The problem - Transcribe each entry exactly as it appears, leaving out any picture it holds.

Data to process -
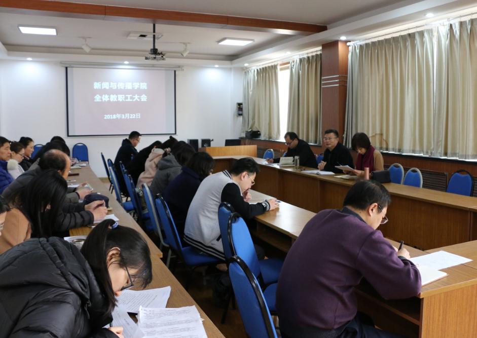 3月22日下午,新闻与传播学院在博文楼521会议室召开全体教职工会议,传达学校近期有关会议和文件精神,部署2018年学院工作。
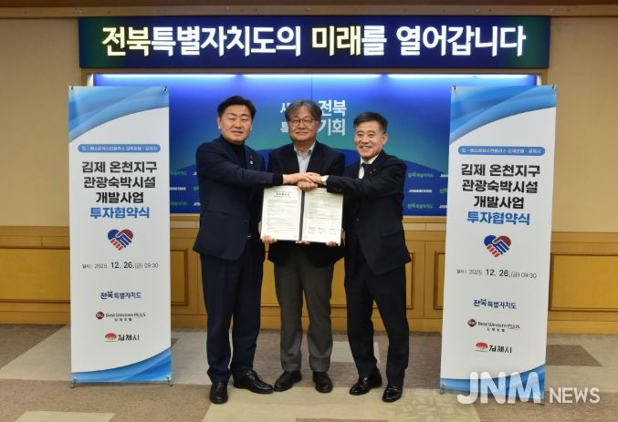 시는 26일 전북특별자치도청 도지사 회의실에서 전북특별자치도, ㈜베스트웨스턴플러스 김제호텔(대표 김해영)과 함께 김제 온천지구 관광숙박시설 개발사업을 위한 투자협약을 체결했다고 밝혔다.
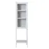 Misha från Venture Home är ett hög och brett vitrinskåp med två hyllplan inne i skåpet, två glasdörrar samt ett öppet hyllplan nedtill. Skåpet är av pulverlackerat stål.
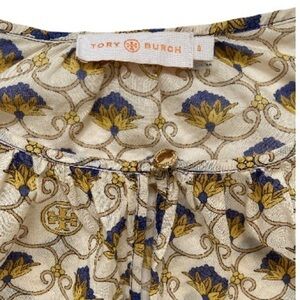 Tory Burch Print Tunic Blouse Long Sleeves featuring “Tory Burch” Embossed Buttons at sleeves and Keyhole Neck
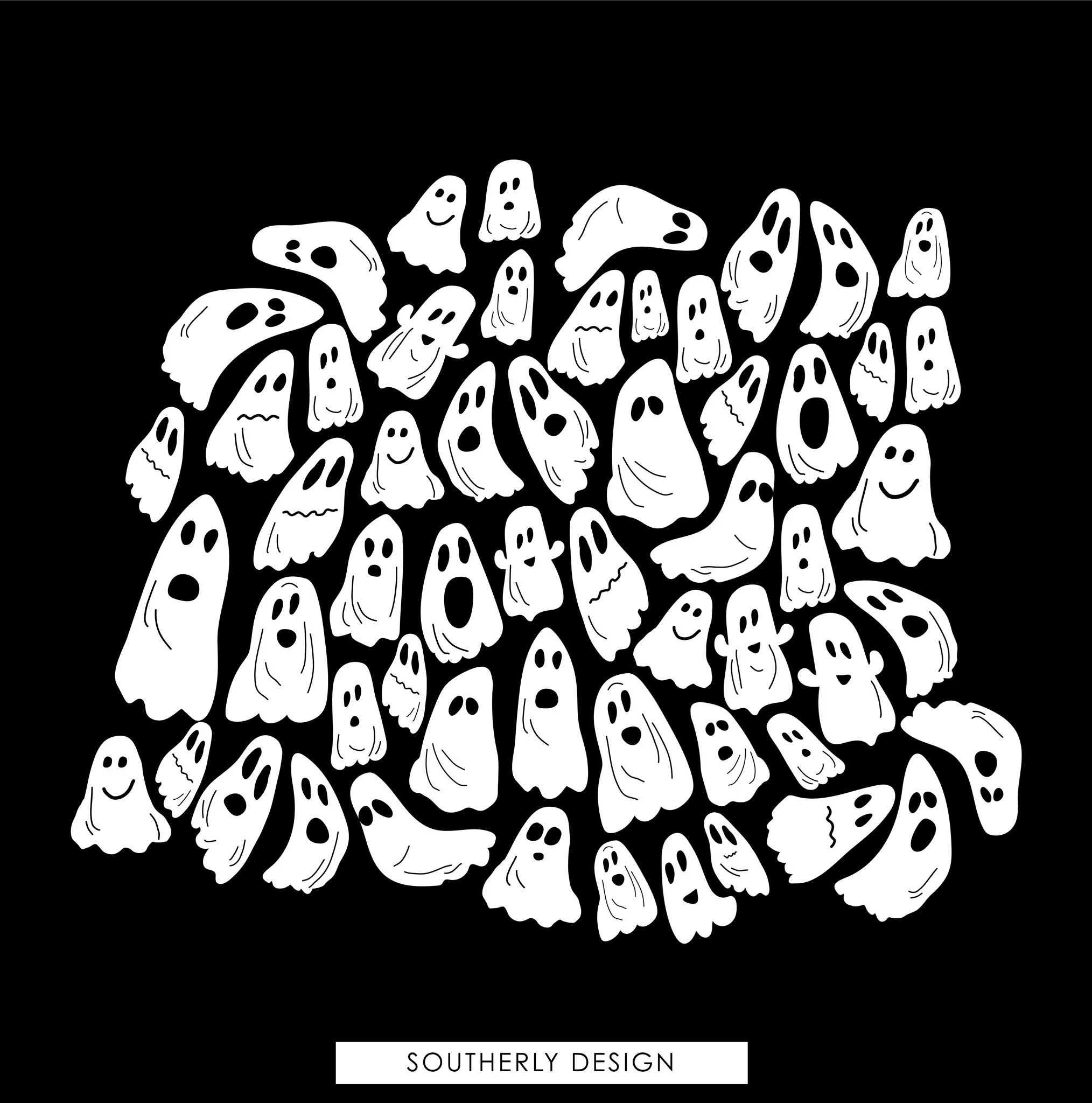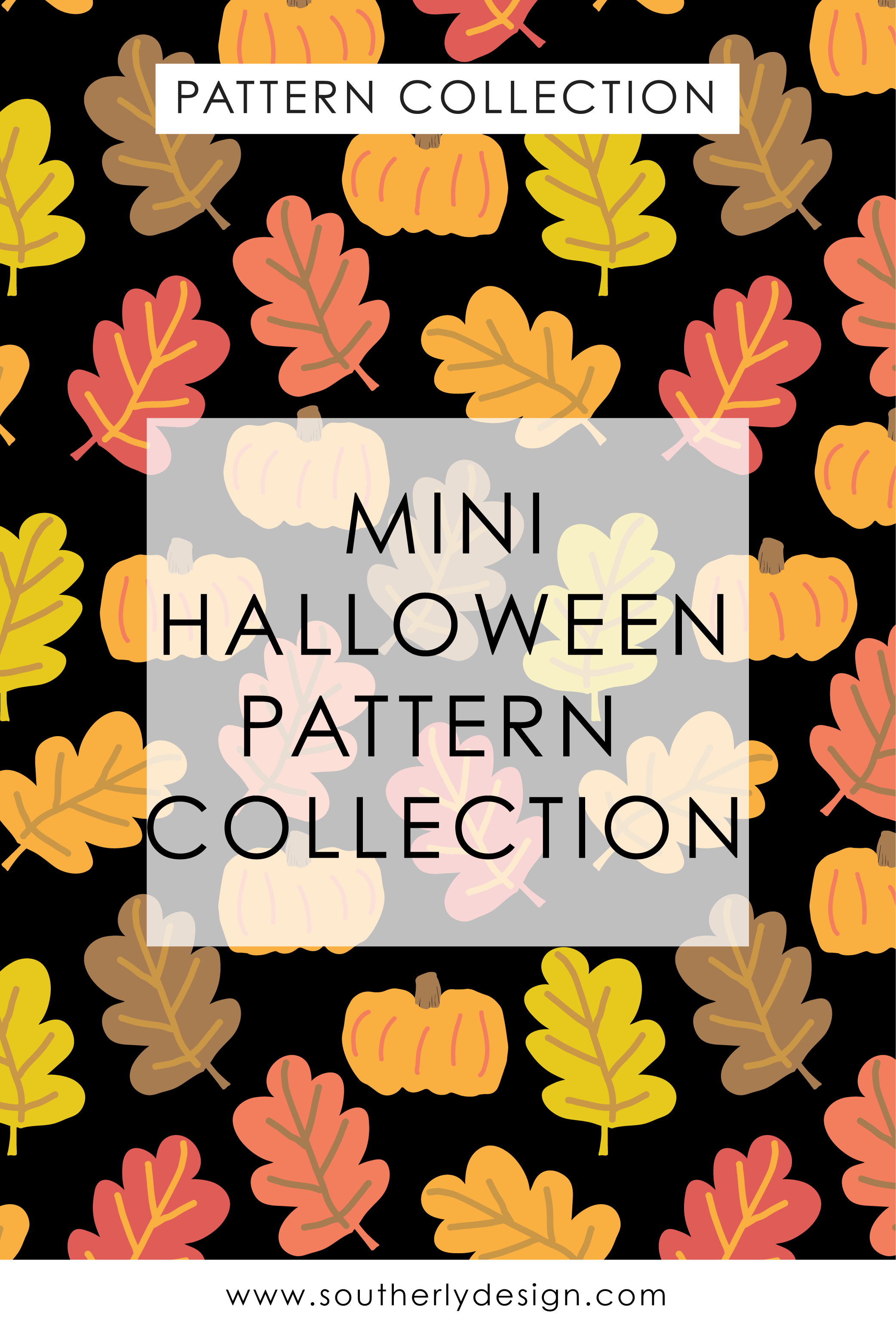 A mini Halloween Pattern Collection featuring cute ghosts, pumpkins, fall leaves, candy corn and a simple color palette! I added a few more ghosts to the collection. Sometimes I turn a mini collection into a full collection, with 9 patterns. I did not have a lot of fall patterns and prints so I wanted to add a few this season.
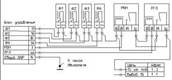 Рис. Система впрыска топлива BoschK-Jetronic с системой отсечки топлива при чрезмерных оборотах двигателя и системой экономии топлива.
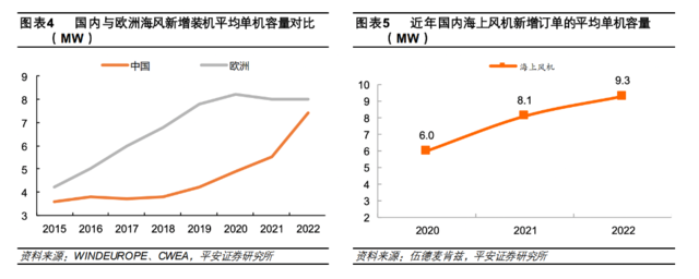 海上風(fēng)機(jī)方面,整體看,歐美單機(jī)容量14-15MW、葉輪直徑236米左右的大兆瓦海上新品有望于2024-2025年開始批量交付。

Answer to this problem -
 3月22日下午,新闻与传播学院在博文楼521会议室召开全体教职工会议,传达学校近期有关会议和文件精神,部署2018年学院工作。
 시는 26일 전북특별자치도청 도지사 회의실에서 전북특별자치도, ㈜베스트웨스턴플러스 김제호텔(대표 김해영)과 함께 김제 온천지구 관광숙박시설 개발사업을 위한 투자협약을 체결했다고 밝혔다.
 Misha från Venture Home är ett hög och brett vitrinskåp med två hyllplan inne i skåpet, två glasdörrar samt ett öppet hyllplan nedtill. Skåpet är av pulverlackerat stål.
 Tory Burch Print Tunic Blouse Long Sleeves featuring “Tory Burch” Embossed Buttons at sleeves and Keyhole Neck
 A mini Halloween Pattern Collection featuring cute ghosts, pumpkins, fall leaves, candy corn and a simple color palette! I added a few more ghosts to the collection. Sometimes I turn a mini collection into a full collection, with 9 patterns. I did not have a lot of fall patterns and prints so I wanted to add a few this season.
 Рис. Система впрыска топлива BoschK-Jetronic с системой отсечки топлива при чрезмерных оборотах двигателя и системой экономии топлива.
 海上風(fēng)機(jī)方面,整體看,歐美單機(jī)容量14-15MW、葉輪直徑236米左右的大兆瓦海上新品有望于2024-2025年開始批量交付。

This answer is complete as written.